New Zealand-Australian reality competition television series

Drag Race Down Under is a New Zealand-Australian reality competition television series based on the American series RuPaul's Drag Race and part of the Drag Race franchise. Produced by World of Wonder and Warner Bros. International Television Production New Zealand, the series documents Michelle Visage and a panel of judges' search for "Down Under's next drag superstar" amongst each season's cast of Australian and New Zealand drag queens. The series airs on Stan in Australia and WOW Presents Plus in the rest of the world. It previously aired on TVNZ 2 and TVNZ+ in New Zealand, and also airs on BBC Three and BBC iPlayer in the United Kingdom and Crave in Canada

Premiering as RuPaul's Drag Race Down Under in 2021, it was the sixth international adaptation of RuPaul's Drag Race and its third English-language iteration following RuPaul's Drag Race UK and Canada's Drag Race. Originally featuring RuPaul as host, the series was renamed Drag Race Down Under from the fourth season to reflect his departure. A spin-off series, Drag Race Down Under vs. the World, premiered in 2026.

== History ==
Talks for an Australian version of Drag Race had been underway since at least August 2019 when local rights to the franchise were originally acquired by ITV Studios Australia. The series, dubbed "Drag Race Australia" in reporting, was planned to premiere in 2020, though at the time of the announcement no broadcast partners, judges or cast had been confirmed. A production by ITV Studios Australia never eventuated.

On 18 January 2021, RuPaul's Drag Race Down Under was formally announced as a World of Wonder production in collaboration with Warner Bros. International Television Production New Zealand, commissioned by Stan and TVNZ. RuPaul was confirmed to host, with Michelle Visage and Rhys Nicholson joining as regular judges. Production began in Auckland, New Zealand that week.

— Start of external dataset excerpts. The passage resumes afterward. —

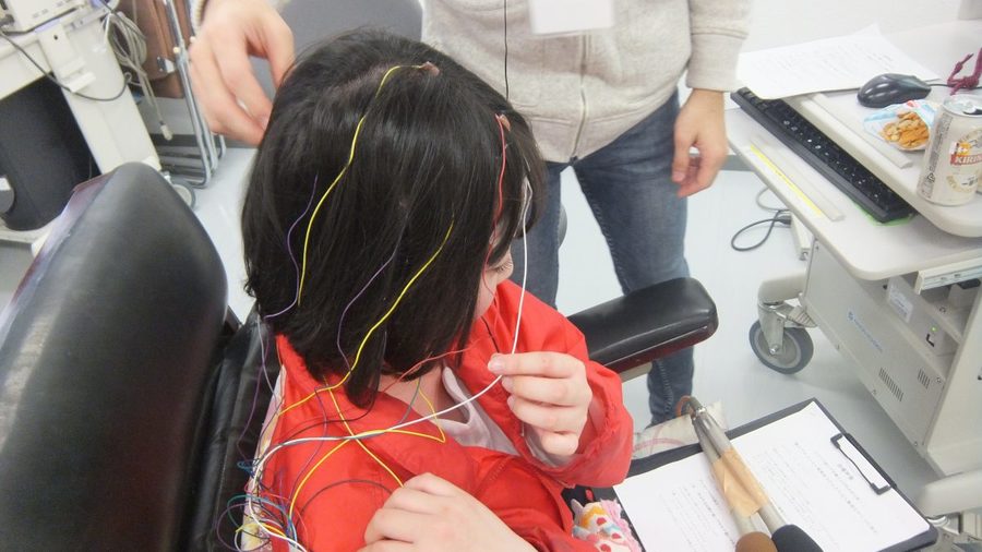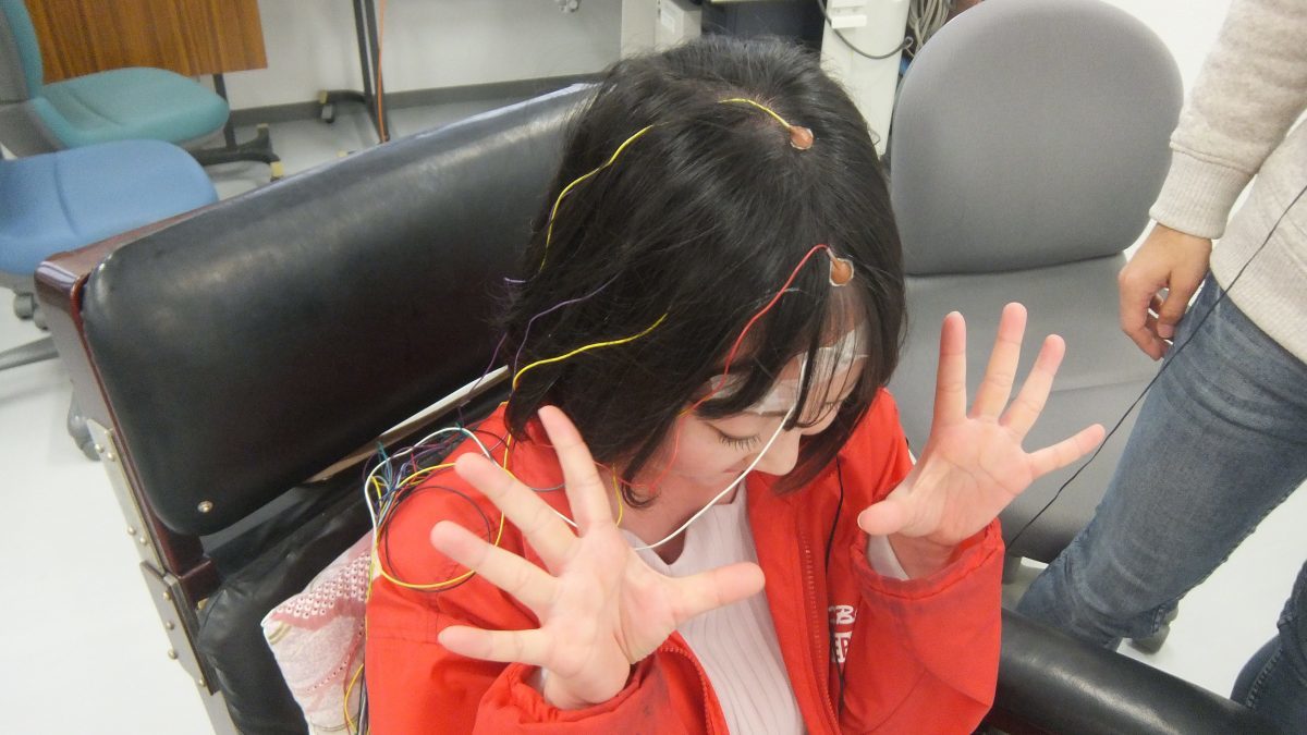 その端子からはカラフルな細いコードが伸び、脳波を測定する機械に繋がっています。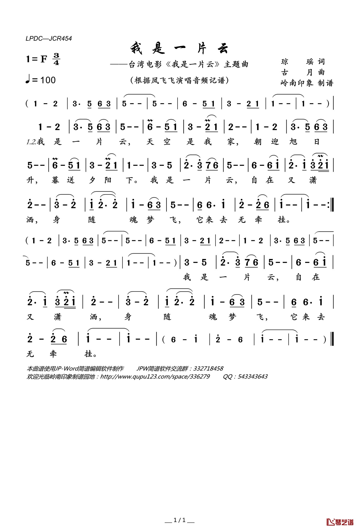 曲谱介绍: 凤飞飞《我是一片云》歌词_简谱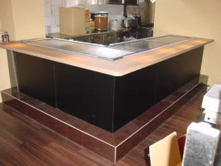 | 上の電気式鉄板焼器をカウンターに組み込んだ時 | ||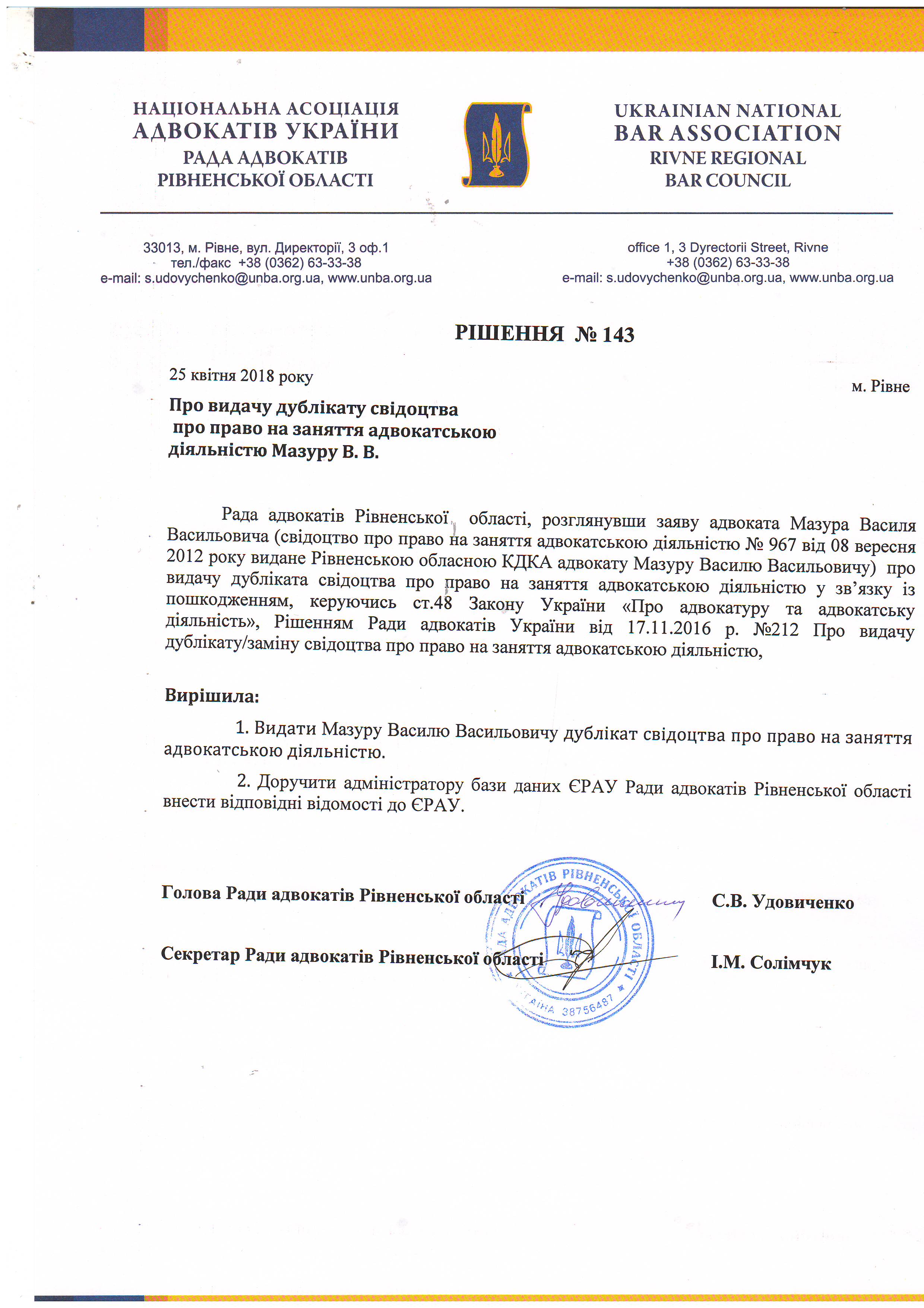 /rishennia/rishennia-rady/880-rishennia-143-pro-vydachu-dublikata-svidotstva-pro-pravo-na-zaniattia-advokatskoiu-diialnistiu-mazuru-vv-vid-25042018-r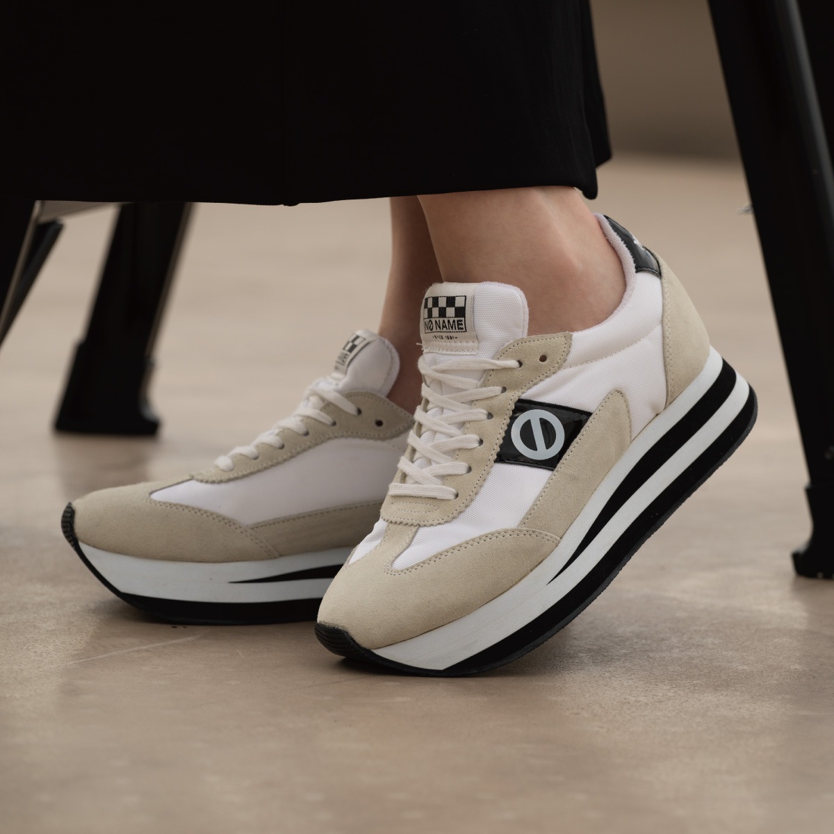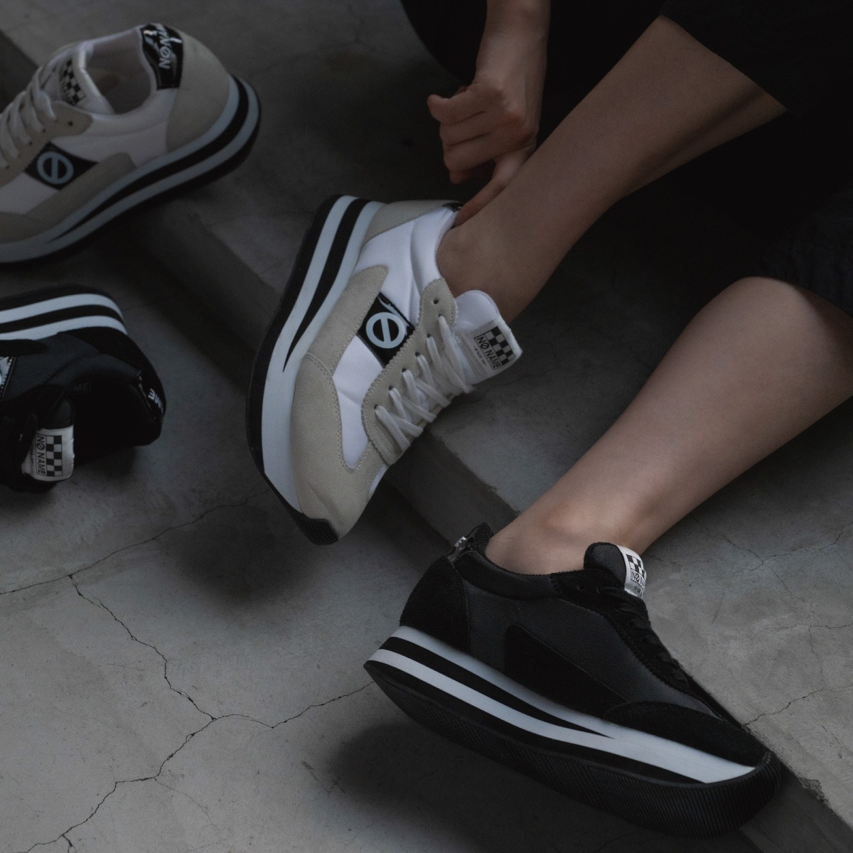 「just shoes」というコンセプトのもとに「名前のない」ブランドとしてスタートし、欧米で爆発的な人気となり社会現象を生み出したフランス生まれのノーネーム。独自のフォルムと厚いソールの絶妙な重量感が快適な履き心地と着用時にヒップラインを美しく見せる効果をあわせ持つことから大人の女性のカジュアルアイテムの代名詞的存在として愛され、支持され続けています。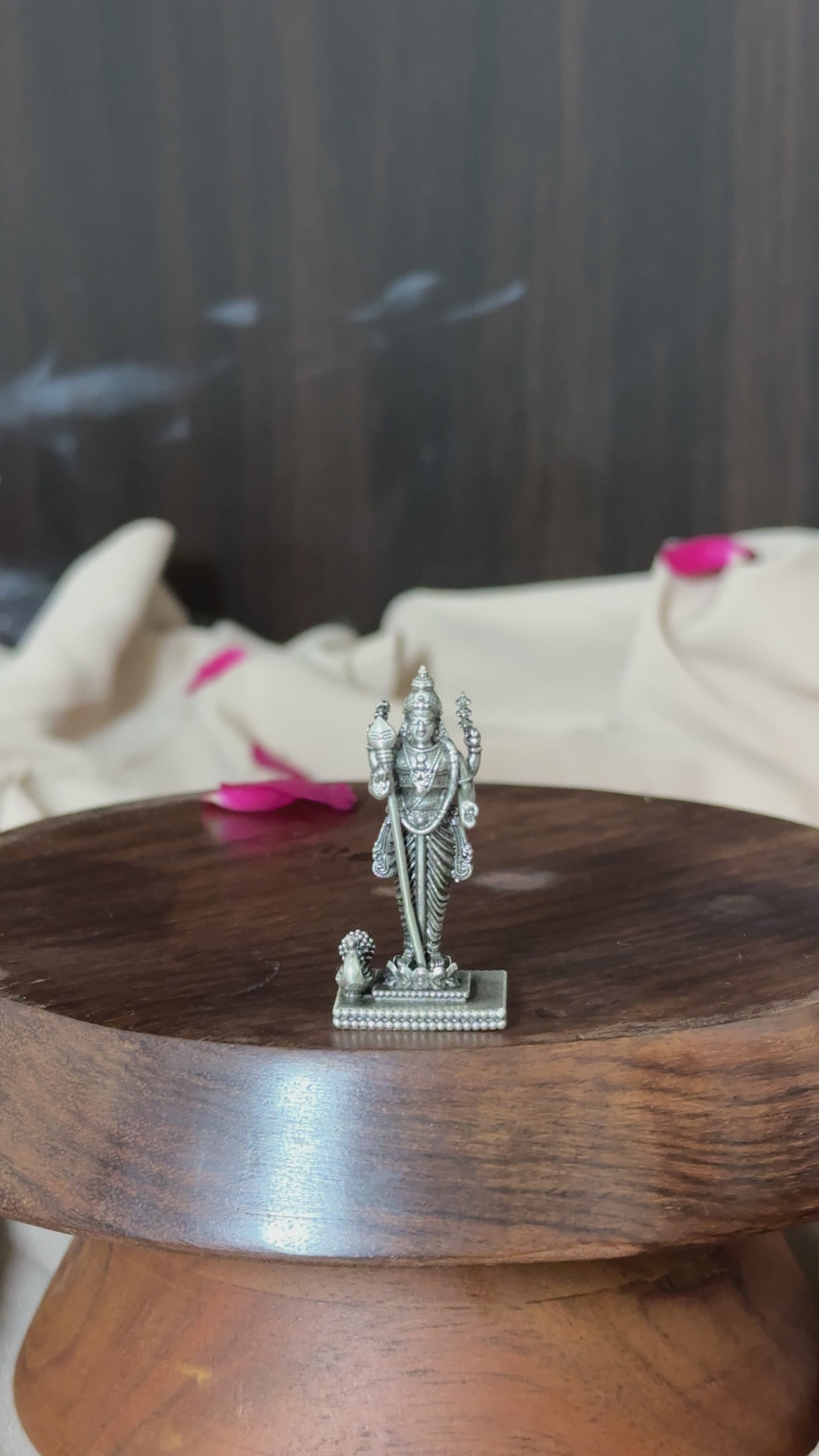 The Murugan Pure Silver Idol: Subrahmanya Edition is a divine representation of Lord Murugan, the god of valor, wisdom, and victory. Crafted from pure 92.5 silver, this edition radiates youthful energy, courage, and divine brilliance. At TARAKESH we have designed this edition to honour Subrahmanya, the noble warrior son of Lord Shiva and Goddess Parvati, revered for bestowing strength, knowledge, and protection upon devotees. This idol embodies purity of purpose, spiritual growth, and triumph over darkness.

It was reported that production was originally slated to occur in Sydney, Australia, but moved due to Sydney's recent COVID-19 outbreak and travel restrictions within Australia. The issue reached the floor of the Parliament of New South Wales when state politician Rose Jackson spoke in February 2021 on the missed opportunities for the local economy by the production leaving Australia, saying it was "sickening – and not in a good way".

RuPaul's Drag Race Down Under premiered on 1 May 2021. The winner of the first season was Auckland drag performer Kita Mean.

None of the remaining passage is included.